Once in Sydney, it’s to Oxford Street in Sydney’s Paddington suburb we’re heading, and to a restaurant which is at the vanguard of a revolution in the way we think about fish. Perhaps you’ve even seen head chef and owner, Josh Niland, on TV screens here in the UK, discussing his concept of ‘fish butchery’ – using every part of the fish and wasting nothing – which all culminates in stunning, deceptively simple dishes which highlight the chef’s unique approach but more importantly, the quality of the fish from nearby waters.
And what is a brilliant fish dish without a glass of wine to perfectly complement it? Here at Saint Peter, it’s an all Australian wine list to go with the all Australian fish menu, and it’s an extensive, exhilarating affair with the list awarded 2* by the World Of Fine Wine Magazine.
Right now, due to the current climate’s need for social distancing, the restaurant is undergoing a renovation, changing from table seating to one long bar. What could be more conducive to drinking wine?
Booking ahead is essential.
Maybe Sammy, Sydney
For a nightcap, we’re hopping in the STA and heading 15 minutes north into Sydney proper, for a drink at one of the world’s most acclaimed cocktail bars, Maybe Sammy in the funky neighbourhood of The Rocks.
Named last year as ‘The Best Bar in Australasia’ and #43 in the World’s 50 Best Bars, this Harrington Street bar has only been open for a couple of years but is chalking up the plaudits in the process, with it’s signature, creative cocktails and Rat Pack inspired aesthetic.

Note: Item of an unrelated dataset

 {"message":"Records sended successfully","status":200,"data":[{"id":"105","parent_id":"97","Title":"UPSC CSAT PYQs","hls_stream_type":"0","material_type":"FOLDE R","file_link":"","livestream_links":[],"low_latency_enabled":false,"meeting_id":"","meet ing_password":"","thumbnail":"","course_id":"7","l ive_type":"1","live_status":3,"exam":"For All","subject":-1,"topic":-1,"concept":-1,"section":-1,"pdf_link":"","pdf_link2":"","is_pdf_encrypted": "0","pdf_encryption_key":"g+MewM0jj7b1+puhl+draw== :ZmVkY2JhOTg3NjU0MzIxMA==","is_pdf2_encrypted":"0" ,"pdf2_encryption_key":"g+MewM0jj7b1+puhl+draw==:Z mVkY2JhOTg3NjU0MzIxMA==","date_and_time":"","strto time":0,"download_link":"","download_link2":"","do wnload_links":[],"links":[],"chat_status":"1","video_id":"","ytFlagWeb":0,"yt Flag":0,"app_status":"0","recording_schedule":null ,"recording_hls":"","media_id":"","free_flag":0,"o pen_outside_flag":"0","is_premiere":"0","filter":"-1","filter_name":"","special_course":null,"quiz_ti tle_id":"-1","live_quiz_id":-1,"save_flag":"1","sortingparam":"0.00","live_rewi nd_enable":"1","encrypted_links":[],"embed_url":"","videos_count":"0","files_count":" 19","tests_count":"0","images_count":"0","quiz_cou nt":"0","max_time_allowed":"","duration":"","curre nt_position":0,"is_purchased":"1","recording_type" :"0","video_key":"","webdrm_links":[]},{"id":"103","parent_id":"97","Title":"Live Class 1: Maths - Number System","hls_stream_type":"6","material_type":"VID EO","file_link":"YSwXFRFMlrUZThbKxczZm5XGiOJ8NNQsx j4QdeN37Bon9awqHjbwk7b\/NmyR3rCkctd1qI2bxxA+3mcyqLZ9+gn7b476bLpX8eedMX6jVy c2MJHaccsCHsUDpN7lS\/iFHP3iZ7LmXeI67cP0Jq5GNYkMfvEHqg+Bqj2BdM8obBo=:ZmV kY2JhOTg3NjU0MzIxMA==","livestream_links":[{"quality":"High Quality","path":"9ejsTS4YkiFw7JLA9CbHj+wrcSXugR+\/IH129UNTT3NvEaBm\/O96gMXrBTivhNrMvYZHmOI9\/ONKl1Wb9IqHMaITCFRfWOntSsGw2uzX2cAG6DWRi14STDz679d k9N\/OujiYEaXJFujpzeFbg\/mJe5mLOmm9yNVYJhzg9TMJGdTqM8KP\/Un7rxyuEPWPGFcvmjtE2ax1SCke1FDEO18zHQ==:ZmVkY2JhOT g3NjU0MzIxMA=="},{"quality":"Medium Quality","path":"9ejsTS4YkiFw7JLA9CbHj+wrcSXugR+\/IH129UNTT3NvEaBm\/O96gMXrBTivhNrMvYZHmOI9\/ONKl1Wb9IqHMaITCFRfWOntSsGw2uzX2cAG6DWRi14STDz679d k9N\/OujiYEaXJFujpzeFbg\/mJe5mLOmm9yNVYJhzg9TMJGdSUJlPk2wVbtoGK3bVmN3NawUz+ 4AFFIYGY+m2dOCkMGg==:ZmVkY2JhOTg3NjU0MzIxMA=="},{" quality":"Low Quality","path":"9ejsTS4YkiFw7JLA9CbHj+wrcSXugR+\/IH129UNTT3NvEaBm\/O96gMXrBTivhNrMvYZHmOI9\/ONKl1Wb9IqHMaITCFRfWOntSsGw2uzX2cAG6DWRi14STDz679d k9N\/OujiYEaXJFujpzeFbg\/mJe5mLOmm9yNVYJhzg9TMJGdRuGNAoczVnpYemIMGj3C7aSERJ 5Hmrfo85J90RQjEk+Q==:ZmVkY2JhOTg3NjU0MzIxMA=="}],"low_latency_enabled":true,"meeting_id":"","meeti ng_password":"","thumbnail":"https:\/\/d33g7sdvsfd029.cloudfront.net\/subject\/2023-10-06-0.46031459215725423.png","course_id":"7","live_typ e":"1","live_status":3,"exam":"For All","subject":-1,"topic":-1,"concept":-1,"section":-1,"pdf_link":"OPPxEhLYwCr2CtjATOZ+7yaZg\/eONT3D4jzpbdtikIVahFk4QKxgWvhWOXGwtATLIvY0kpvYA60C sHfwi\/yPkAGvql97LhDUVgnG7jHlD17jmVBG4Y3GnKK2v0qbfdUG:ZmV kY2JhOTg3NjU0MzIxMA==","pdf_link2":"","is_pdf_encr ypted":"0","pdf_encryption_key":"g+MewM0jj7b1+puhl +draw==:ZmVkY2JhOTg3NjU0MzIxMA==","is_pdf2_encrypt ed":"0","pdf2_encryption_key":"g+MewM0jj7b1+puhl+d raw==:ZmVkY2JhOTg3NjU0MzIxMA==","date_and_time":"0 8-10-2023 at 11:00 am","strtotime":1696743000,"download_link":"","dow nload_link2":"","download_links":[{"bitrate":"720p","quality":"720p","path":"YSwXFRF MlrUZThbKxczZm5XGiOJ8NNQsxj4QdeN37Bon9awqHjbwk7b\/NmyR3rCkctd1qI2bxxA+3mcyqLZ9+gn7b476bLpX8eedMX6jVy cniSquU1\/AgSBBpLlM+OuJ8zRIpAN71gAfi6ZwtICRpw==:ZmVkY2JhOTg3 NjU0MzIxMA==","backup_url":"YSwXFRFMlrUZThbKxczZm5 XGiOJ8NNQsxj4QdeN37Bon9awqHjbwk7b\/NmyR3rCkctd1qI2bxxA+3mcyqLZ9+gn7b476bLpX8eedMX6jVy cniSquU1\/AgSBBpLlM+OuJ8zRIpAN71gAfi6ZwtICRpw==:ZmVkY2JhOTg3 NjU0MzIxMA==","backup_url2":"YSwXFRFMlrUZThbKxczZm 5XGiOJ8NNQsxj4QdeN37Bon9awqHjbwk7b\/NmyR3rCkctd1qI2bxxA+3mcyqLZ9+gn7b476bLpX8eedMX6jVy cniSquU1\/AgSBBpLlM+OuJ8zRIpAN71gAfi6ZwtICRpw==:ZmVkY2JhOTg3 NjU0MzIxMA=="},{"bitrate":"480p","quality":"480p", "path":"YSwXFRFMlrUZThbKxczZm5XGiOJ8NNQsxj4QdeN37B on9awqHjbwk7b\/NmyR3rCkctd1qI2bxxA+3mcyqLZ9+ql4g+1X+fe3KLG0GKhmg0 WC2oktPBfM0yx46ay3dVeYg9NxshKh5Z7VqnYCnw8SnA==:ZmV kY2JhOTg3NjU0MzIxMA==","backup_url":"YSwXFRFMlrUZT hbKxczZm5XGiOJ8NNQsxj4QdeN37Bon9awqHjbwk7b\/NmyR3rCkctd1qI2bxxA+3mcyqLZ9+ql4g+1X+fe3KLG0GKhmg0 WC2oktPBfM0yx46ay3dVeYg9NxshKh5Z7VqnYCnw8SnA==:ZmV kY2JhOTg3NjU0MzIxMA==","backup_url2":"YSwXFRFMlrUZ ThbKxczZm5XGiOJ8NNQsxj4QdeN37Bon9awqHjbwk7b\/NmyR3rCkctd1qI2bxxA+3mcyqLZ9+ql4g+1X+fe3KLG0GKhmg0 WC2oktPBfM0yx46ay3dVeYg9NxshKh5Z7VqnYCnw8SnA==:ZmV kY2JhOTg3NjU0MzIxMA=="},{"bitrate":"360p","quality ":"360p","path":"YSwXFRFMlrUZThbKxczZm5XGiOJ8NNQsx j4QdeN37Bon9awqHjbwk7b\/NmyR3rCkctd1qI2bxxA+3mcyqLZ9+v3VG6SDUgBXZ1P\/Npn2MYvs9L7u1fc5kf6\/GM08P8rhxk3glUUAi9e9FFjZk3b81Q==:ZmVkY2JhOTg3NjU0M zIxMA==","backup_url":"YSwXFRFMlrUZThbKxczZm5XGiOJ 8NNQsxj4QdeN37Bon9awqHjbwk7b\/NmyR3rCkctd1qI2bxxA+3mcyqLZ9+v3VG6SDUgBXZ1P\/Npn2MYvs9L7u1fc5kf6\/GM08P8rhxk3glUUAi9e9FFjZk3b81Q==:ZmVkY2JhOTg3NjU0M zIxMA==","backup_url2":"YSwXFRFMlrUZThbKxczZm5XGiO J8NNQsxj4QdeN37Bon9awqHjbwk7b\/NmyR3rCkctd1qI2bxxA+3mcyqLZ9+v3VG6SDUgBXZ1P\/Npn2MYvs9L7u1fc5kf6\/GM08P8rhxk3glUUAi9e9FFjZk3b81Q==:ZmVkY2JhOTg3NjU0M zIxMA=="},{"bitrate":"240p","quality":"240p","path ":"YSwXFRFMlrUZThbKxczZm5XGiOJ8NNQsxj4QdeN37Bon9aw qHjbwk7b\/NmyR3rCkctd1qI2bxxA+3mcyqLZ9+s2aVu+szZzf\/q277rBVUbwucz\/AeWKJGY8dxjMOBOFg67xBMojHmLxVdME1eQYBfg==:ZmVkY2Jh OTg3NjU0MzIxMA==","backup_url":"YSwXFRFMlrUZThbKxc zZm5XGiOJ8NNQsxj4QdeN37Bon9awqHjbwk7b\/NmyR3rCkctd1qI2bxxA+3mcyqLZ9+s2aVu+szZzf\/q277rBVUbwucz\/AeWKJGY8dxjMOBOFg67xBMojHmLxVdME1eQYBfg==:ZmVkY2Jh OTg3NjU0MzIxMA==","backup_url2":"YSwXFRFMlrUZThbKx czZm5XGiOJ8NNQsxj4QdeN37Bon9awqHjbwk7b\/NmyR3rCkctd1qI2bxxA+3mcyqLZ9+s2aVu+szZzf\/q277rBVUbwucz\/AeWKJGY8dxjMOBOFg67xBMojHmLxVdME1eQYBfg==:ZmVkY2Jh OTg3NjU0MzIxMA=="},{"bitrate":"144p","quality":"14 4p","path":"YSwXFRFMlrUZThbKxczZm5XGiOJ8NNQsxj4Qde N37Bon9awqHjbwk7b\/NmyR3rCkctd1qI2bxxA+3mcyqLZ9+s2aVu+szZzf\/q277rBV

Though such an esteemed joint might sound worryingly exclusive – and indeed, it is swanky – there’s a ‘mini’ list of classic cocktails for just $10 a pop. What’s more, they do several wines by the glass as well as some superb skin contact Australian wines, including an Arfion Spring Pinot Noir from the Yarra Valley we were checking out earlier on. Chin Chin!
The Orange Wine Region, Nsw
For a relative newcomer on the world wine scene which is making serious waves, we’re heading three and a half hours out of Sydney over the Blue Mountains; a drive which is worth it for the scenery alone. That said, you can take a train from Syndey, leaving from Central Station each day at 7am if you fancy taking a load off.

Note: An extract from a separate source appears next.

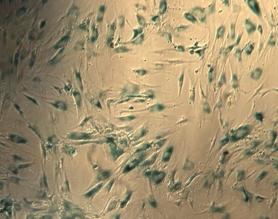 基因受损后,有些细胞会进入一种不生不死的衰老状态,失去增殖能力但依旧保有分泌功能。衰老细胞通常高表达β半乳糖苷酶,还会向周围分泌炎性因子、生长因子等,与很多年龄相关的慢性病有密切关系[7]。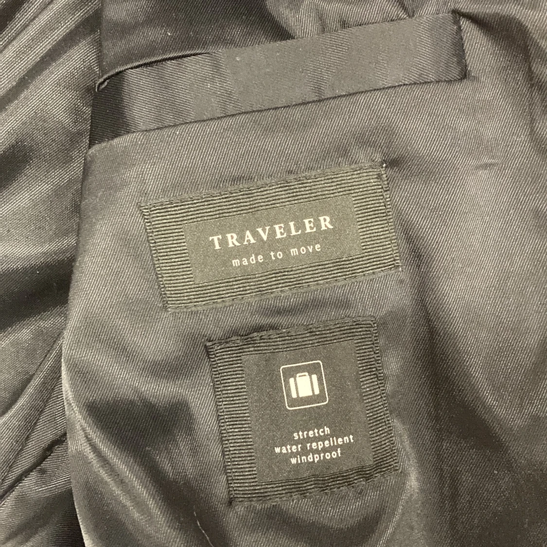 Säljer en stilren mörkblå jacka från Traveler. Jackan har en dragkedja framtill och två bröstfickor med knappar. Den är designad för att vara stretchig, vattenavvisande och vindtät. Perfekt för dig som är på språng och vill ha en funktionell men snygg look.

With vineyards at an altitude of 600m or above, this is a cool wine region, with the main varieties produced here Pinot Gris and Viognier. That’s not to say this isn’t a diverse, exciting place to visit for wine. On the contrary, there are over 60 wineries and 14 grape varieties in the region.
Our favourite estate right now? It has to be Philip Shaw Wines on the Koomooloo site, run by esteemed winemaker Philip Shaw, who is a twice International Winemaker Of The Year, with the cool climate and high altitude here producing some fascinating, light reds, particularly their Shiraz.

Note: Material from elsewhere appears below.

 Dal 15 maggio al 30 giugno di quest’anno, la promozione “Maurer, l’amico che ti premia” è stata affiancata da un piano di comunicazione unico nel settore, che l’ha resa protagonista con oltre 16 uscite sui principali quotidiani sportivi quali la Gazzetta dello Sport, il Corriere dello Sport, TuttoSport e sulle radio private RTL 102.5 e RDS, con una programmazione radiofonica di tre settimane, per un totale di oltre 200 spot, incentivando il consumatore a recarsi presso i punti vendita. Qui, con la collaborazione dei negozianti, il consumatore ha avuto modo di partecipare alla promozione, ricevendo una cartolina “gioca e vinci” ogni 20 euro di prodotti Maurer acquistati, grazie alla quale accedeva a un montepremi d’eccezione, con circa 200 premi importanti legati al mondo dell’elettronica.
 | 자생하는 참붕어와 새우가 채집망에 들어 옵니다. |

The cellar door is open seven days a week, on Sunday to Thursday from 11am – 4pm, and on Friday and Saturday for an extra hour, 11am – 5pm.
Audrey Wilkinson Winery, Hunter Valley, Nsw
Finally, we’re heading north, finishing up in the Hunter Valley wineries, Australia’s oldest wine region and quite honestly, some of the most picturesque in the world.
The Audrey Wilkinson Winery is perhaps the most revered, with stunning views of the Brokenback Mountain range just behind, and a world-renowned Semillon to sample. Closer to home you’ll find the Audrey Wilkinson’s Chardonnay available in Waitrose, at £15.99 a bottle, the perfect encapsulation of the terroir of the Hunter Valley.
Should you be weary from all that driving and drinking (not together of course) then the winery has a guest cottage with a panoramic view of of the Hunter Valley and Brokenback Mountain range.
What a way to end your wine tour of Victoria and New South Wales, Australia.